Start of Dataset excerpts

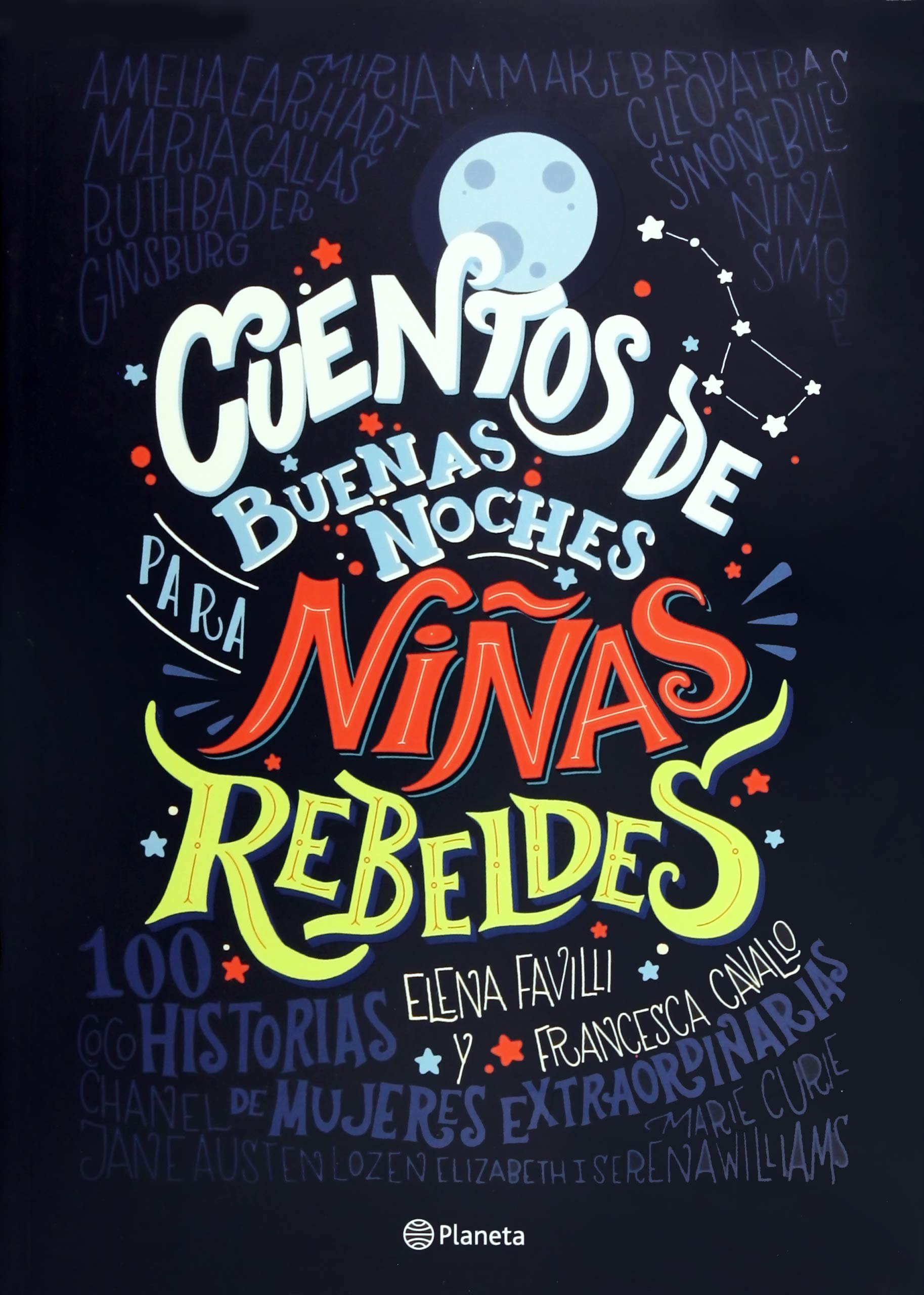 Cuentos de buenas noches para niñas rebeldes reinventa los cuentos de hadas. Elizabeth I, Coco Chanel, Marie Curie, Frida Kahlo, Serena Williams y otras mujeres extraordinarias narran la aventura de su vida, inspirando a niñas ―y no tan niñas― a soñar en grande y alcanzar sus sueños; además, cuenta con las magníficas ilustraciones de sesenta mujeres artistas de todos los rincones del planeta.
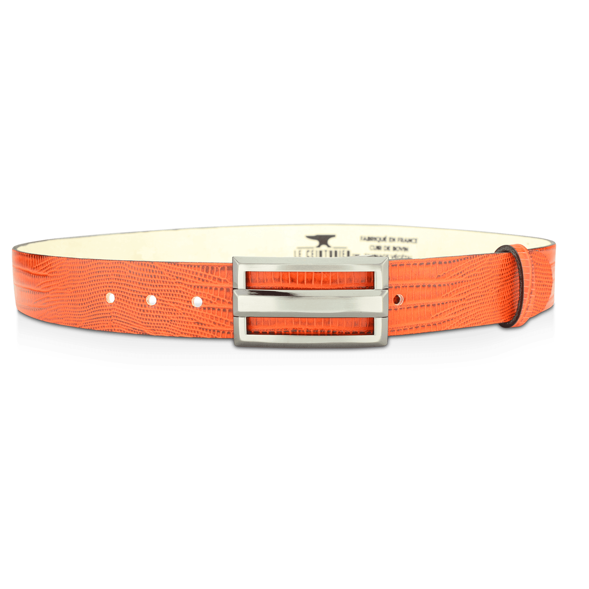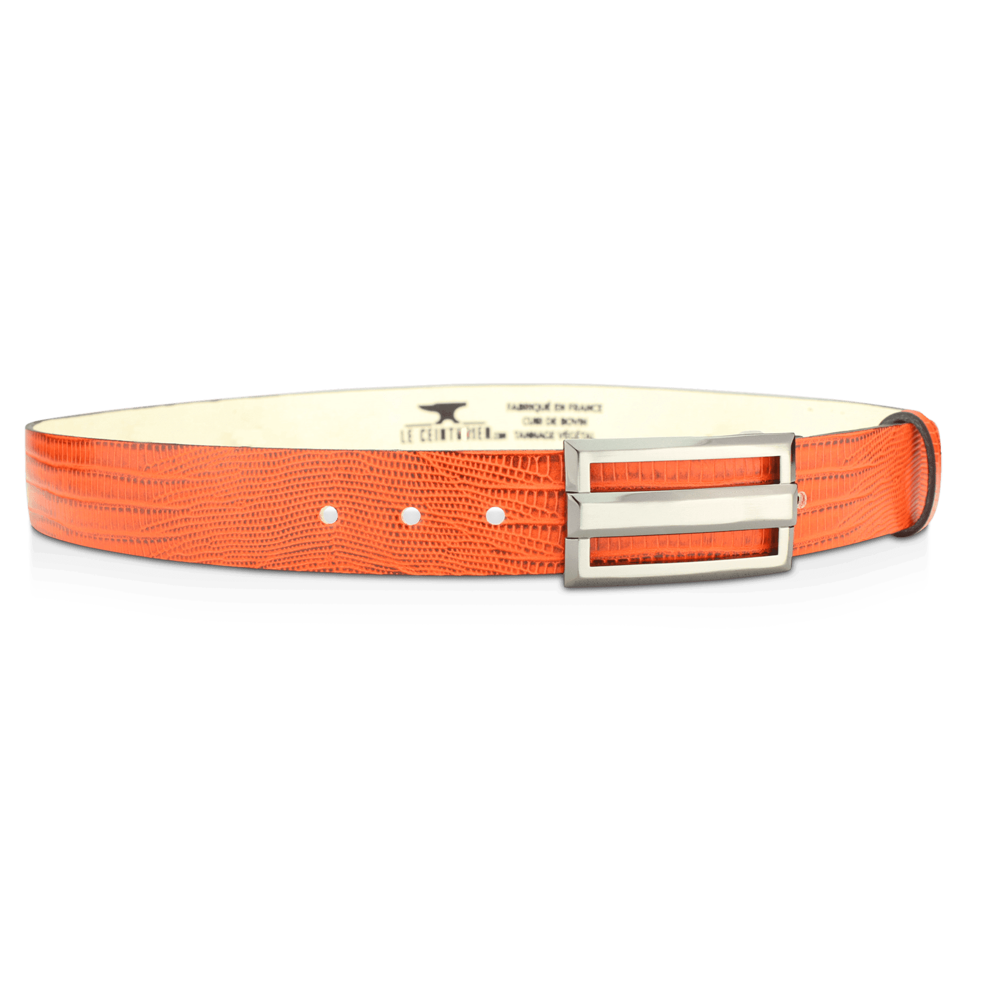 From skins tanned and pigmented by our partner tanneries specializing in vegetable tanning (all the processes of which we control and master: colors, strength, touch, etc.), all the manufacturing stages of LE CEINTURIER products are Made in France.
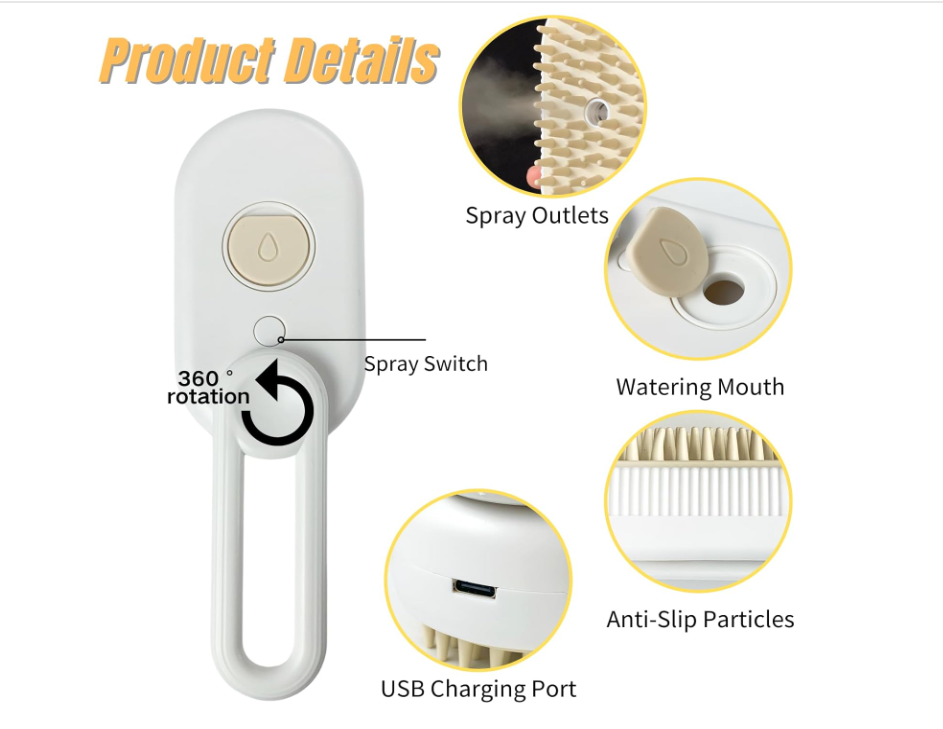 ✨ Cepillo de vapor 3 en 1 para gatos y perros
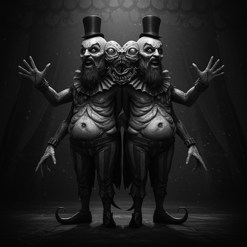 A diabolical and unhinged master showman presides over a shadowy and grotesque circus, where horror and darkness reign. The intricate design and details are accentuated by dramatic lighting that casts eerie shadows. This photorealistic and cinematic scene reveals two characters with dual faces, each embodying the distorted art of the circus. The pair has oversized heads, long beards, and pointed footwear. Fused fingers and mutated limbs defy logic, adding to the nightmarish atmosphere. Their disfigured forms feature multiple anomalies—extra navels, convoluted anatomy, and disappearing limbs. The entire scene is engulfed in an unsettling black-and-white filter, reminiscent of an old, haunting photograph. Despite the chaos and disarray, the spectacle remains strangely compelling, inviting viewers into its twisted, surreal world.
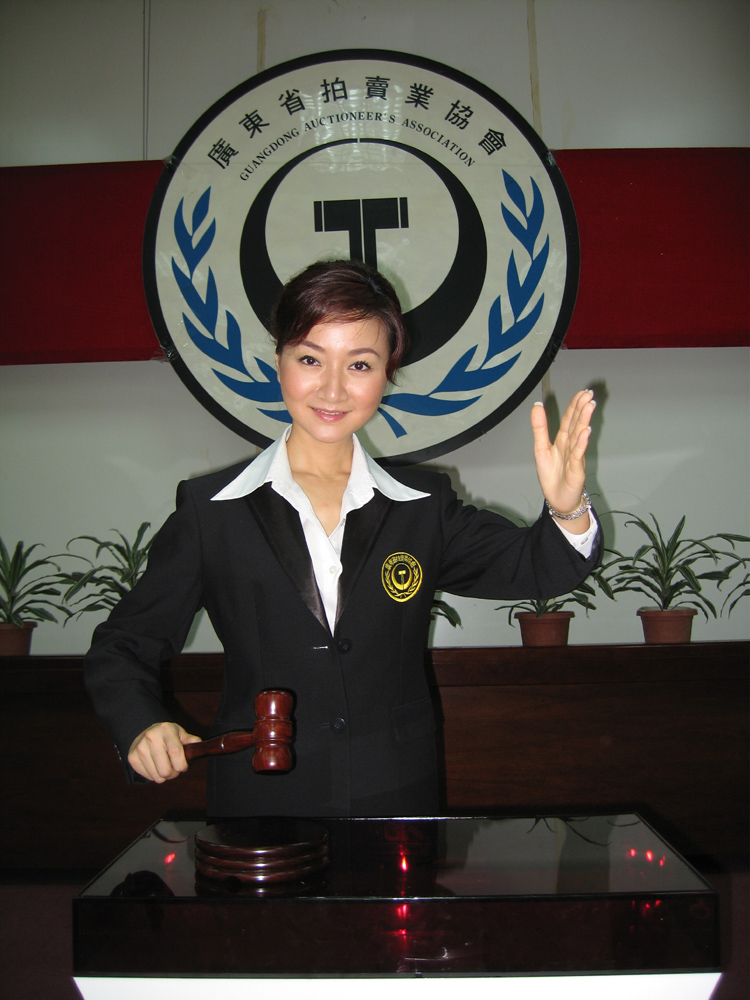 圖:金鈴在廣東省拍賣業協會舉槌(受訪者提供)
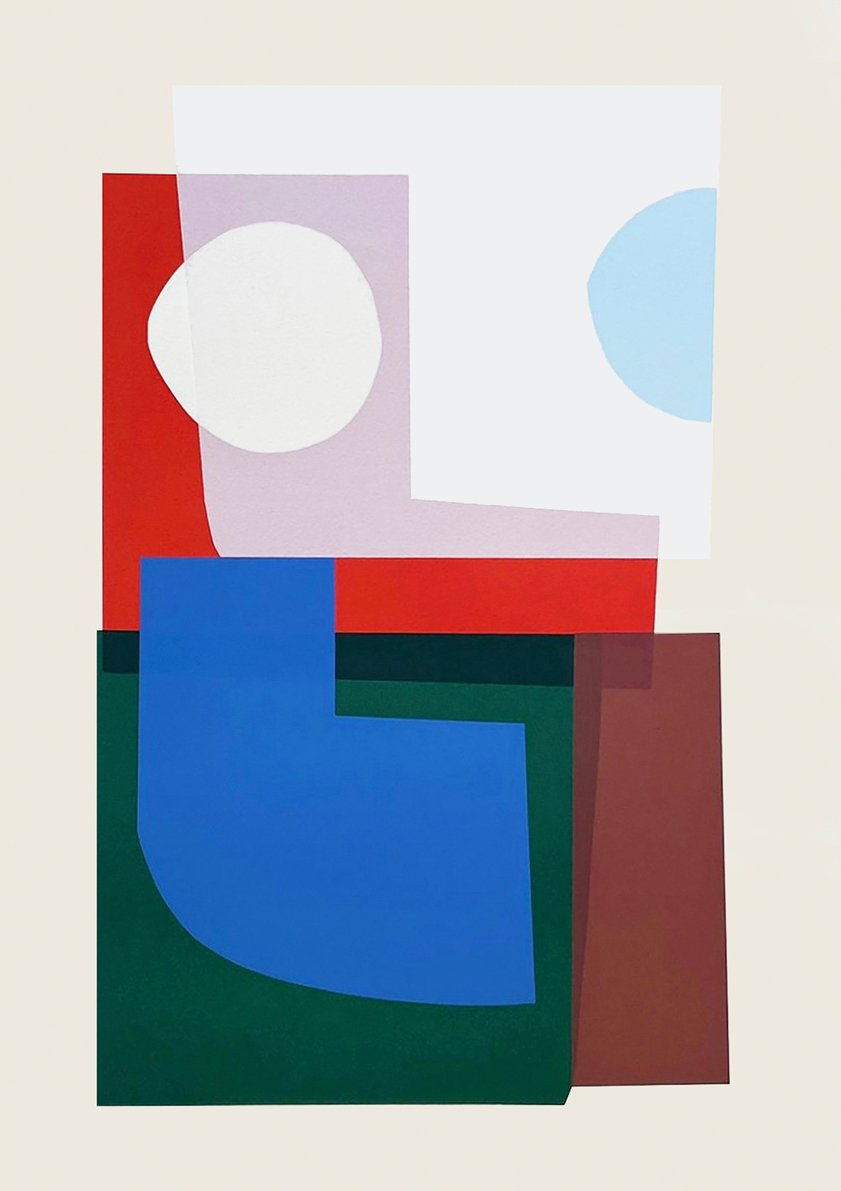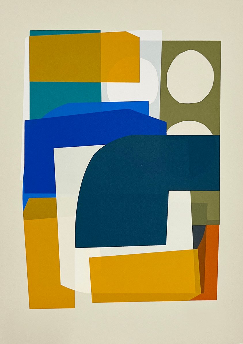 A graduate of Leeds Arts University with a BA in Printed Textiles & Surface Pattern Design (2009), Jonathan spent several formative years developing his practice in Berlin before returning to the UK. His distinctive visual language is defined by layered shapes, intricate patterns, and a rhythmic interplay of colour and form. Abstract compositions form through an organic, process-led technique that embraces experimentation and evolves through the act of screen printing.
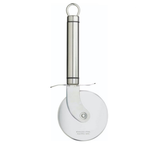 Kitchen Craft high quality stainless steel pizza cutter. Featuring a fully rotating blade and comfortable oval shaped handle, with integral hanging storage loop.
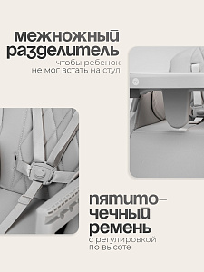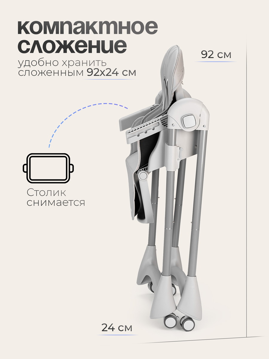 4) Съемный столик с 4 положениями по глубине (16–24 см) — подстраивается под малыша, а удобный поднос легко мыть.
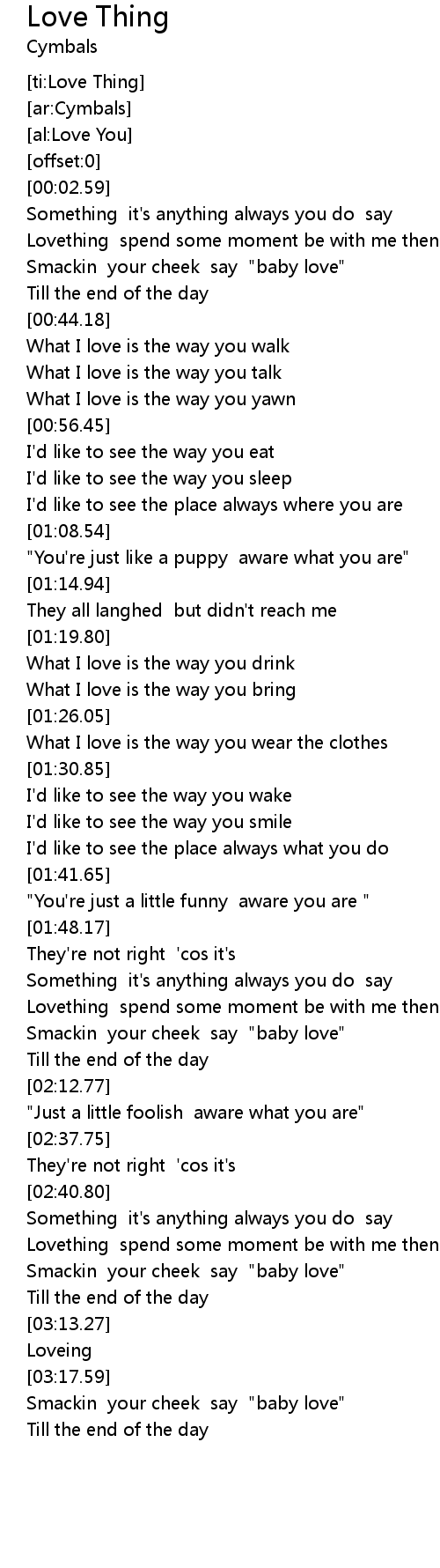| [00:33.81] | Smackin your cheek say "baby love" |

End of Dataset excerpts

Exercise instructions:
All entries must be written out again exactly as given, with no pictures in the copy.

Expected answer:
 Cuentos de buenas noches para niñas rebeldes reinventa los cuentos de hadas. Elizabeth I, Coco Chanel, Marie Curie, Frida Kahlo, Serena Williams y otras mujeres extraordinarias narran la aventura de su vida, inspirando a niñas ―y no tan niñas― a soñar en grande y alcanzar sus sueños; además, cuenta con las magníficas ilustraciones de sesenta mujeres artistas de todos los rincones del planeta.
 From skins tanned and pigmented by our partner tanneries specializing in vegetable tanning (all the processes of which we control and master: colors, strength, touch, etc.), all the manufacturing stages of LE CEINTURIER products are Made in France.
 ✨ Cepillo de vapor 3 en 1 para gatos y perros
 A diabolical and unhinged master showman presides over a shadowy and grotesque circus, where horror and darkness reign. The intricate design and details are accentuated by dramatic lighting that casts eerie shadows. This photorealistic and cinematic scene reveals two characters with dual faces, each embodying the distorted art of the circus. The pair has oversized heads, long beards, and pointed footwear. Fused fingers and mutated limbs defy logic, adding to the nightmarish atmosphere. Their disfigured forms feature multiple anomalies—extra navels, convoluted anatomy, and disappearing limbs. The entire scene is engulfed in an unsettling black-and-white filter, reminiscent of an old, haunting photograph. Despite the chaos and disarray, the spectacle remains strangely compelling, inviting viewers into its twisted, surreal world.
 圖:金鈴在廣東省拍賣業協會舉槌(受訪者提供)
 A graduate of Leeds Arts University with a BA in Printed Textiles & Surface Pattern Design (2009), Jonathan spent several formative years developing his practice in Berlin before returning to the UK. His distinctive visual language is defined by layered shapes, intricate patterns, and a rhythmic interplay of colour and form. Abstract compositions form through an organic, process-led technique that embraces experimentation and evolves through the act of screen printing.
 Kitchen Craft high quality stainless steel pizza cutter. Featuring a fully rotating blade and comfortable oval shaped handle, with integral hanging storage loop.
 4) Съемный столик с 4 положениями по глубине (16–24 см) — подстраивается под малыша, а удобный поднос легко мыть.
| [00:33.81] | Smackin your cheek say "baby love" |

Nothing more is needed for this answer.